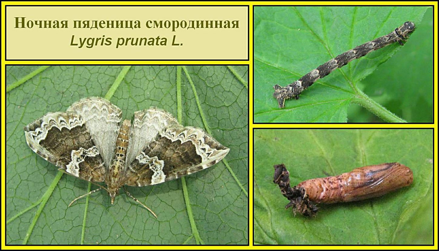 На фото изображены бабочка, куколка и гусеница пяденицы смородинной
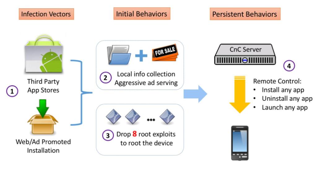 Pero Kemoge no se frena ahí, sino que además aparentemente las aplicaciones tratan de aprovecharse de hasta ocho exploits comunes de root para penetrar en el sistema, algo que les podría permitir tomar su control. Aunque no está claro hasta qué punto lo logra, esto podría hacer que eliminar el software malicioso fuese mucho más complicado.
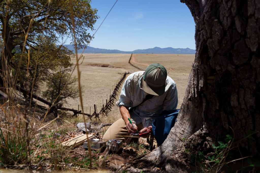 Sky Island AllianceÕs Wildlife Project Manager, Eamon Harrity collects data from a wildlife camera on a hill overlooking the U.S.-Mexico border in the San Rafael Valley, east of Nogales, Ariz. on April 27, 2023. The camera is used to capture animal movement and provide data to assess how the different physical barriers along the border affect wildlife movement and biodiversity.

-------

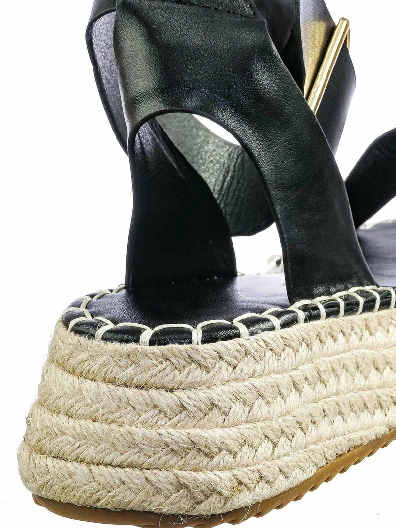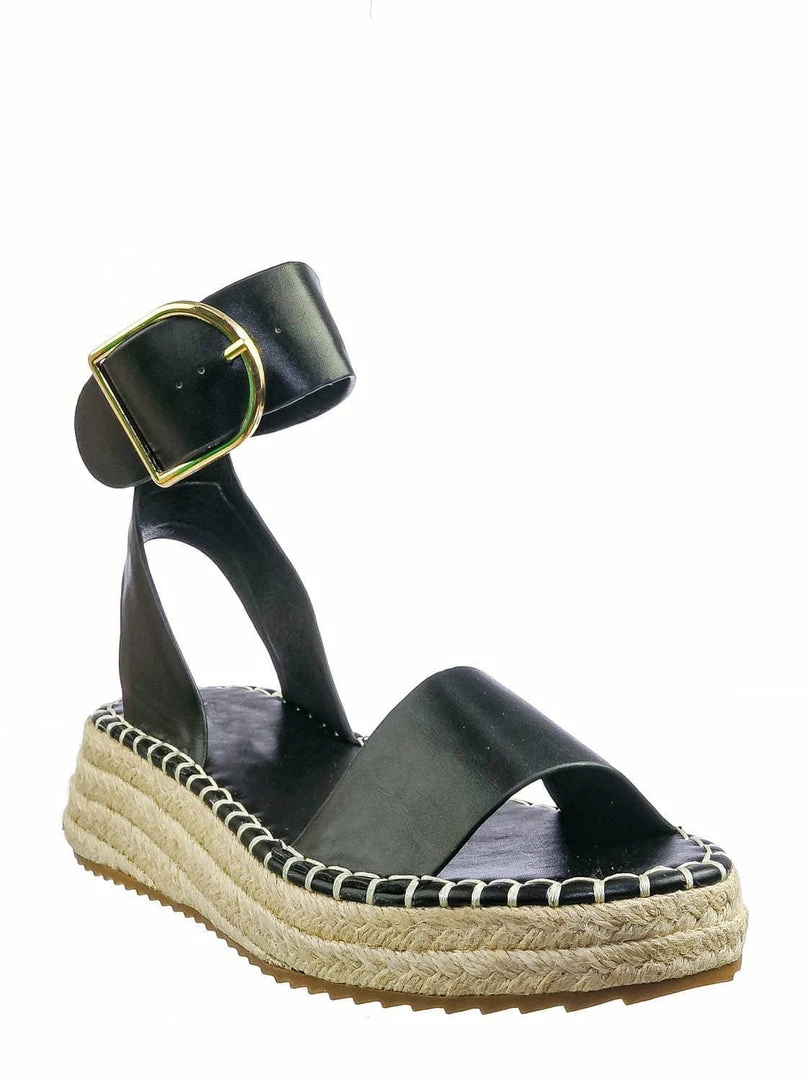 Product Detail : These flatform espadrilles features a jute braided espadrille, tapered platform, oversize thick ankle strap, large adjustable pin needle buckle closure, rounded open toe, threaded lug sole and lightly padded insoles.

-------

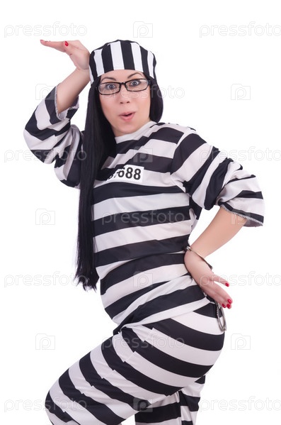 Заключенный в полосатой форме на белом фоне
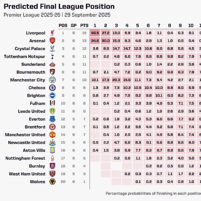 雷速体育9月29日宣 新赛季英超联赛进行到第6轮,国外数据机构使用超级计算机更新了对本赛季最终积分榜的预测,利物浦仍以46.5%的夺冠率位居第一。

-------

▸ Description of the task
Give back exactly the lines above from the one with "На фото изображены" through the one with "Pero Kemoge no", both included. Pictures don't belong in the copy.

▸ Exercise solution
 На фото изображены бабочка, куколка и гусеница пяденицы смородинной
 Pero Kemoge no se frena ahí, sino que además aparentemente las aplicaciones tratan de aprovecharse de hasta ocho exploits comunes de root para penetrar en el sistema, algo que les podría permitir tomar su control. Aunque no está claro hasta qué punto lo logra, esto podría hacer que eliminar el software malicioso fuese mucho más complicado.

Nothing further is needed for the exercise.